## Work order
Please keep the pictures out and write out exactly the lines from the first in the data below through the one containing "本事業の目的は、上市町のどこ", both included.

## Information provided
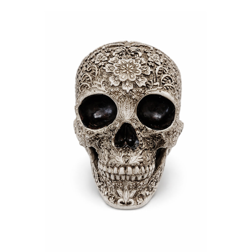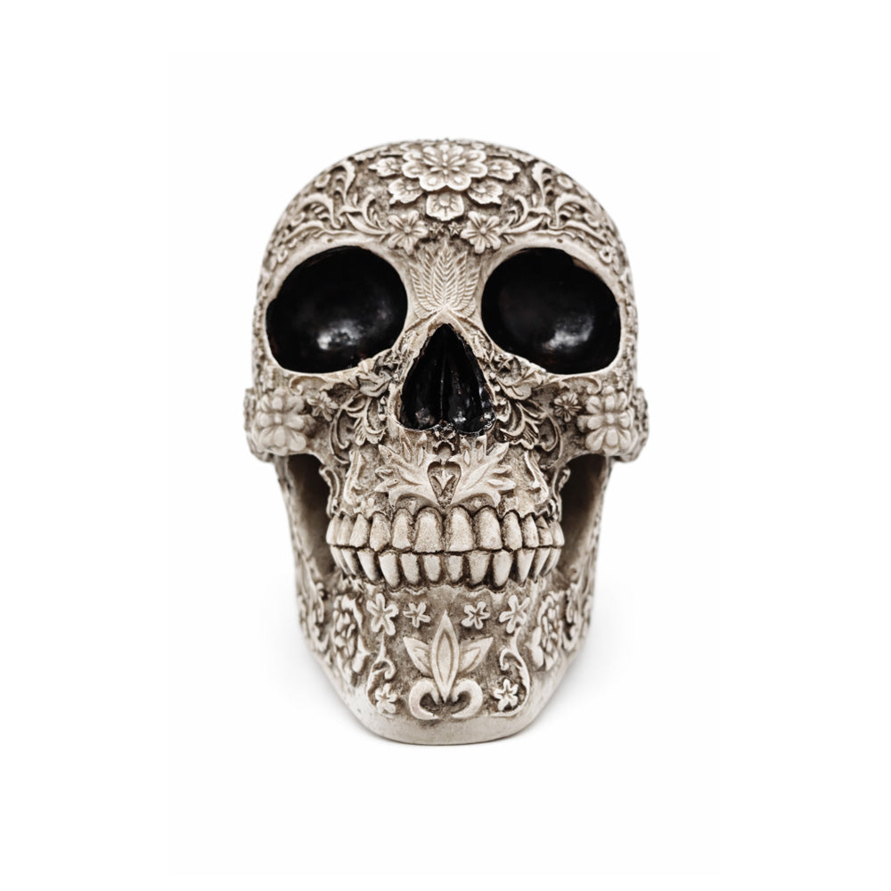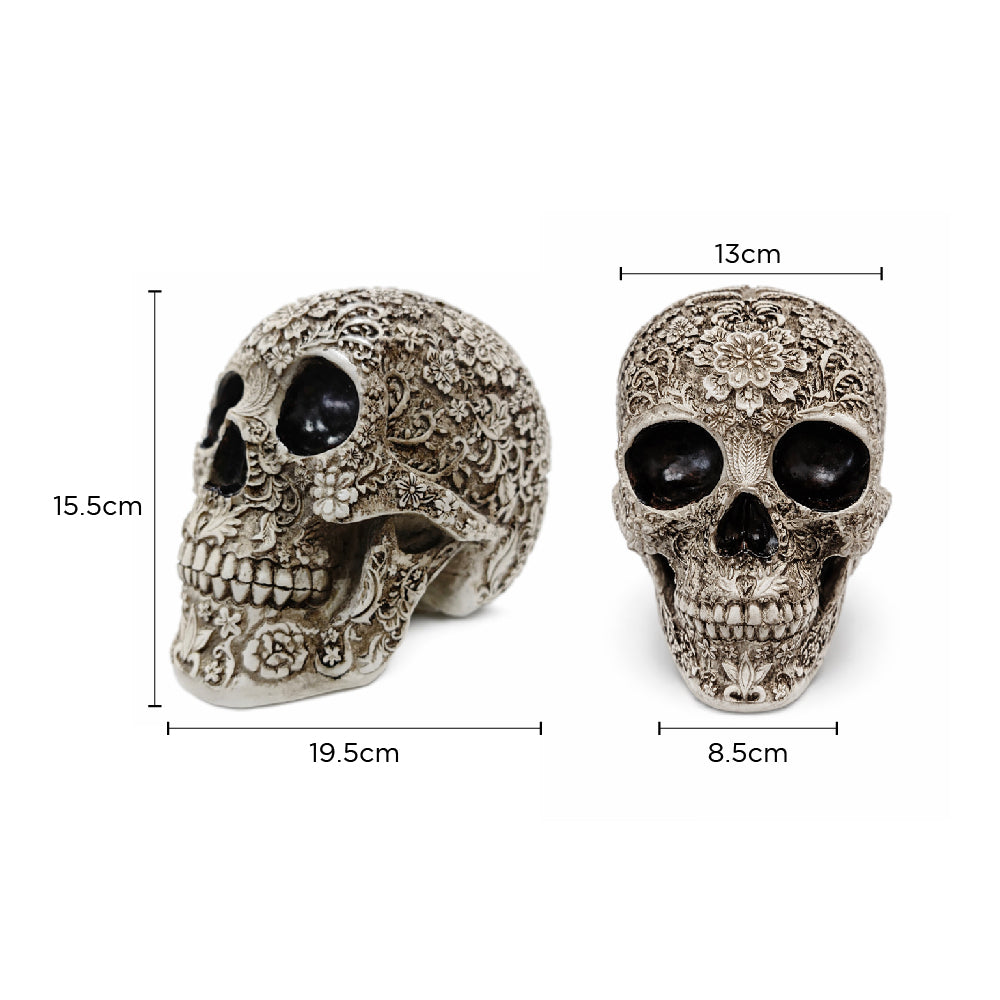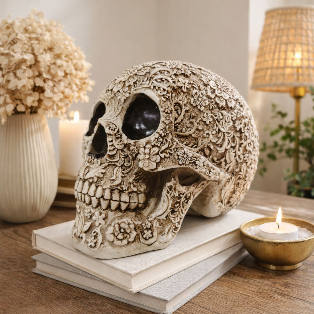 Made from solid resin, the skull feels substantial and durable, making it ideal for display on shelves, desks or mantelpieces. Perfect for those who love alternative décor, this decorative skull adds character, depth and visual interest to both seasonal and year-round interiors.
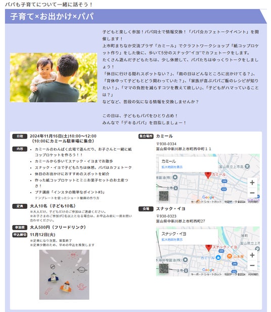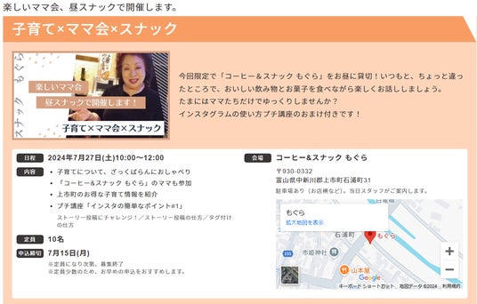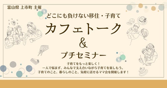 本事業の目的は、上市町のどこにも負けない移住・子育て施策をより多くの方に知ってもらうことです。そのために、上市町のホットスポットでカフェトークを開催し、様々なテーマで町内外の方や移住者、子育て世代の方の声を聞き、参加者同士での意見交換や情報交換を行いました。上市町からの移住・子育て支援情報のお知らせも行い、その様子をSNSを通して発信することで、多くの方に上市町の住みやすさ、子育てのしやすさを知っていただく機会としています。
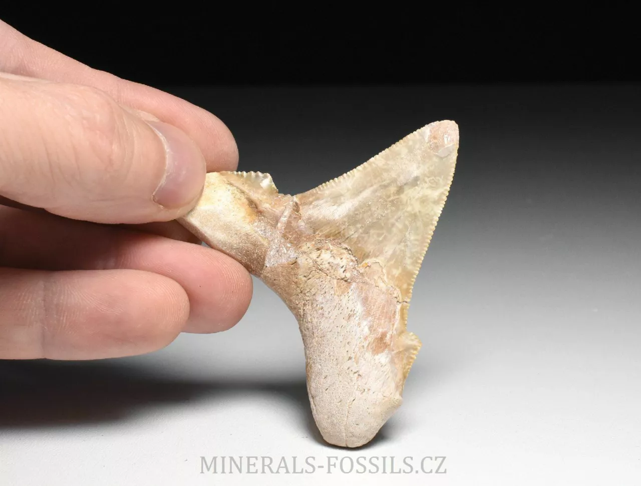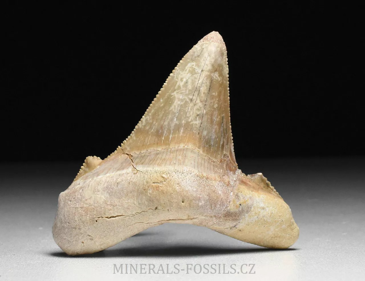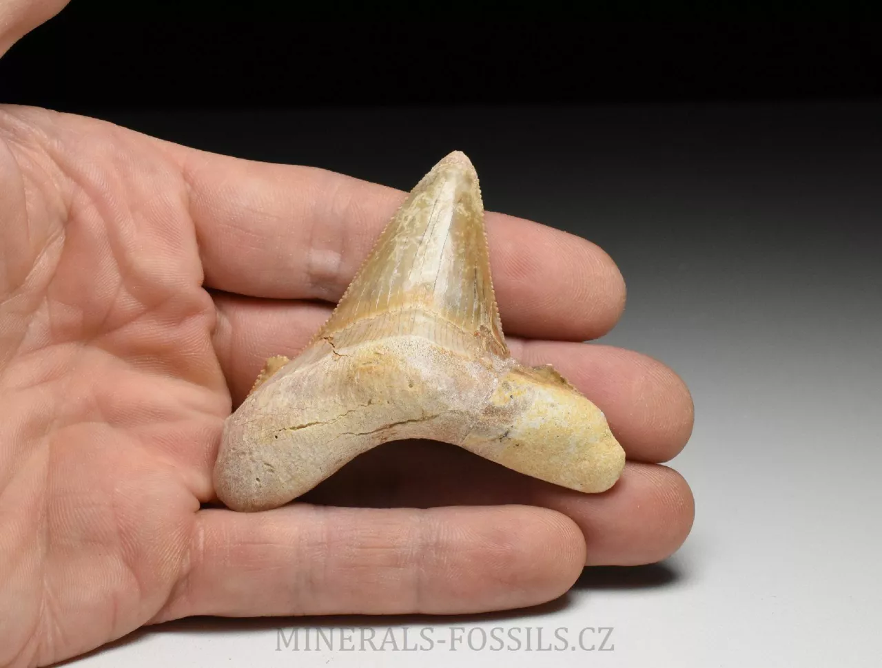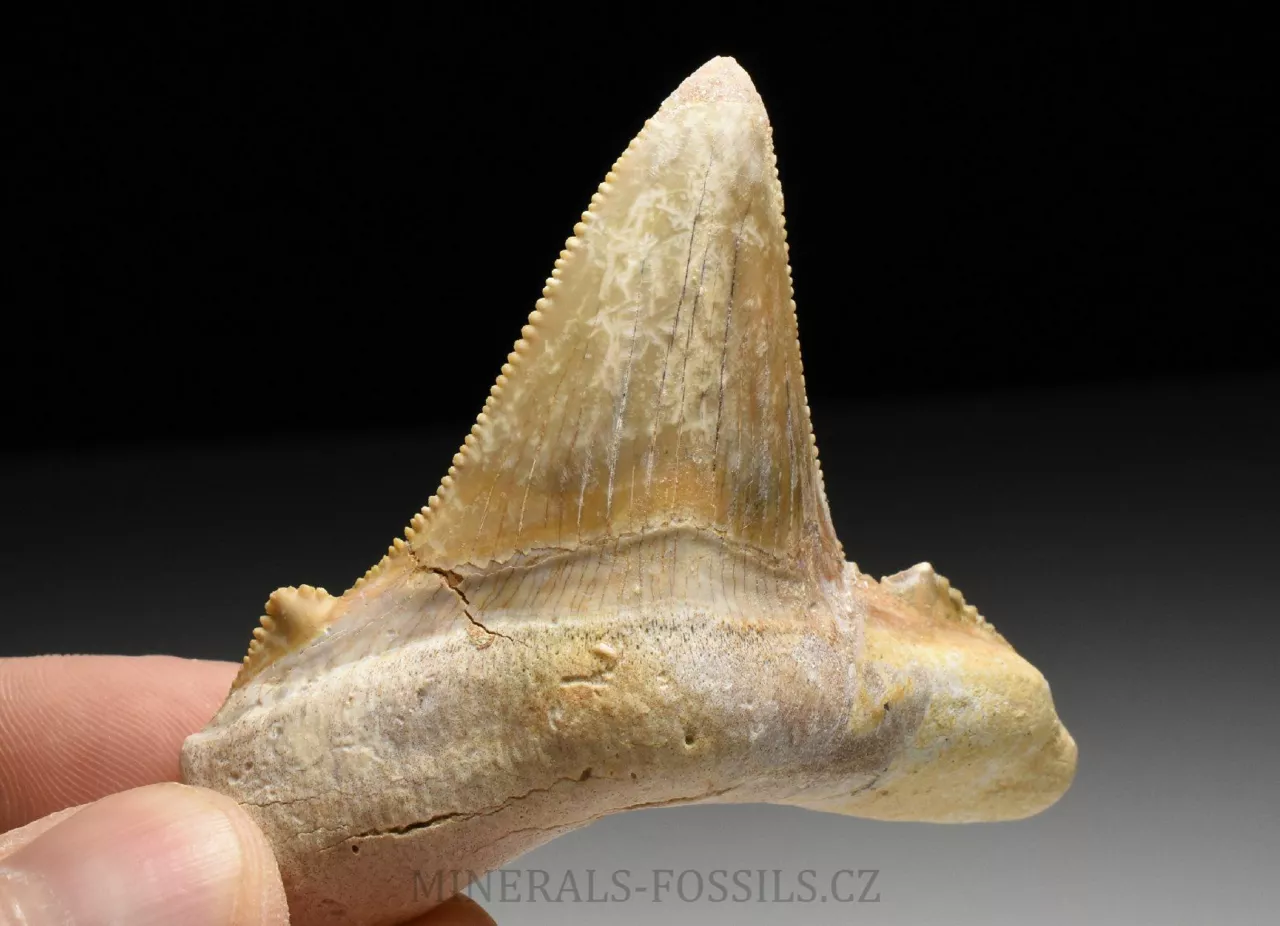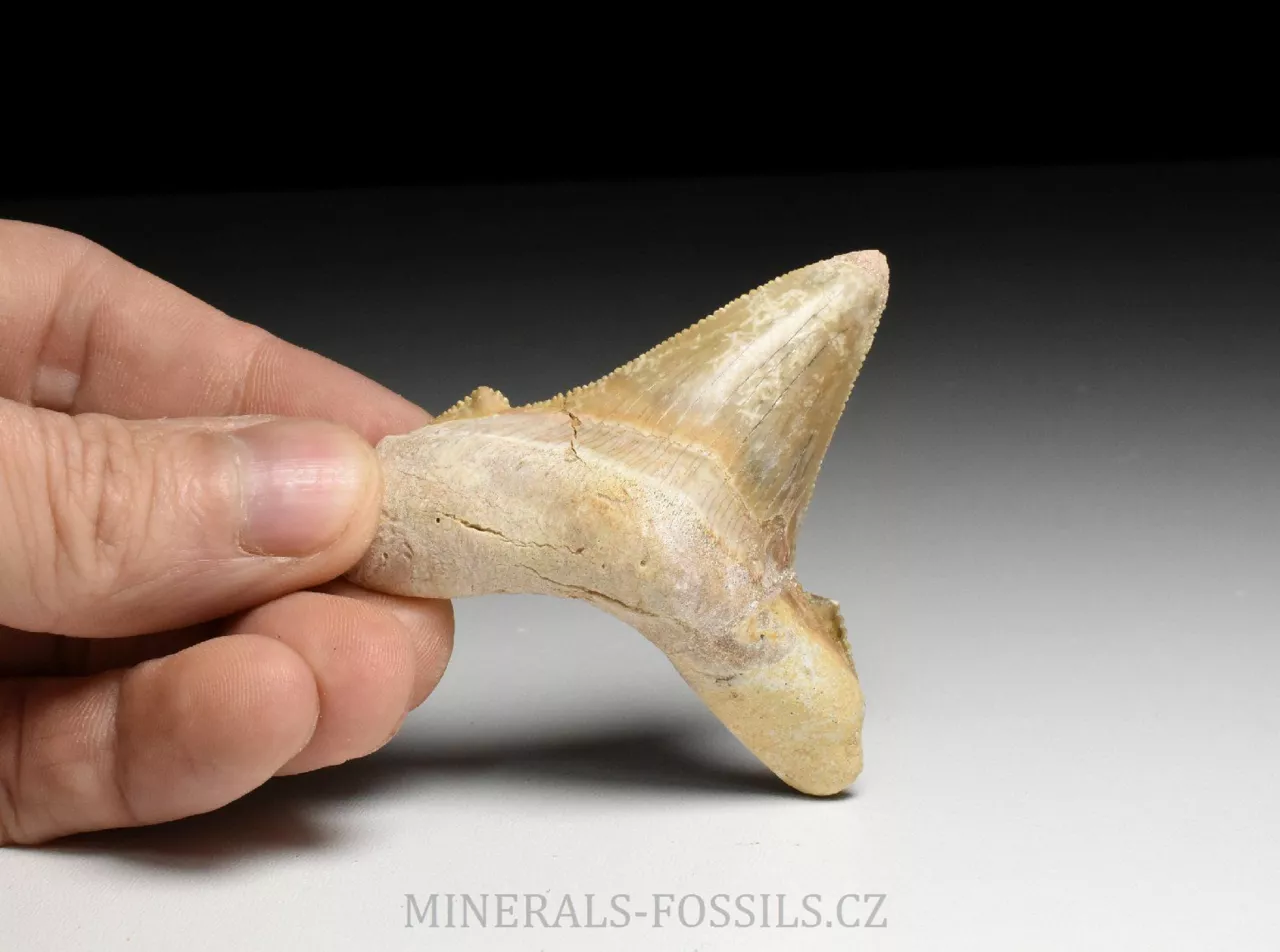 Zkamenělina zubu velikého žraloka z řádu obrounů Otodus sokolovi. Tento vyhynulý rod velkých žraloků obýval moře ve starších třetihorách a podle vědeckých poznatků se jedná o přechodný evoluční článek mezi starším žralokem Otodus obliquus a pozdějším žralokem rodu Carcharochles megalodon. Postupná přeměna v megalodona a zároveň rozdíl oproti druhu O.obliquus je na tomto zubu patrná zejména v podobě pilovitého zakončení hrany zubu. Otodus sokolovi je navíc oproti zubu Otodus obliquus o poznání větší, vyskytuje se později až v mladším eocénu. V Maroku tento zub zcela běžně nazývají jako "Megalodon" a odtud se patrně uchytil i obchodní název "Otodus megalodon", obojí je samozřejmě označení nesprávné. Nález pochází z oblasti Dachla, která se nachází ve vzdálenější oblasti okrajové Sahary (Sahara occidental). Narozdíl od zubů z Khouribgy, tento kus je v ruce nápadně těžší (je tvořen hutnějším a méně porézním materiálem). Tento exemplář je přes 5 cm vysoký, ale jeho šířka je větší, zhruba 6,5cm. Zub je velmi dobře zachovalý včetně ostrého pilovitého okraje, v kořenové části se nachází opravená prasklinka, kterou však sotva rozoznáme. Zkameněliny z této oblasti jsou mnohem dražší než fosílie z Khouribgy, což je dáno větší vzdáleností od civilizace a absencí průmyslové těžby, která by dostupnost fosílií usnadnila. Zkameněliny se zde sbírají v blízkosti zemského povrchu, proto mají často zvětralý povrch a obsahují četné praskliny, často mohou být v poškozených místech rekonstruované.

## Task result
 Made from solid resin, the skull feels substantial and durable, making it ideal for display on shelves, desks or mantelpieces. Perfect for those who love alternative décor, this decorative skull adds character, depth and visual interest to both seasonal and year-round interiors.
 本事業の目的は、上市町のどこにも負けない移住・子育て施策をより多くの方に知ってもらうことです。そのために、上市町のホットスポットでカフェトークを開催し、様々なテーマで町内外の方や移住者、子育て世代の方の声を聞き、参加者同士での意見交換や情報交換を行いました。上市町からの移住・子育て支援情報のお知らせも行い、その様子をSNSを通して発信することで、多くの方に上市町の住みやすさ、子育てのしやすさを知っていただく機会としています。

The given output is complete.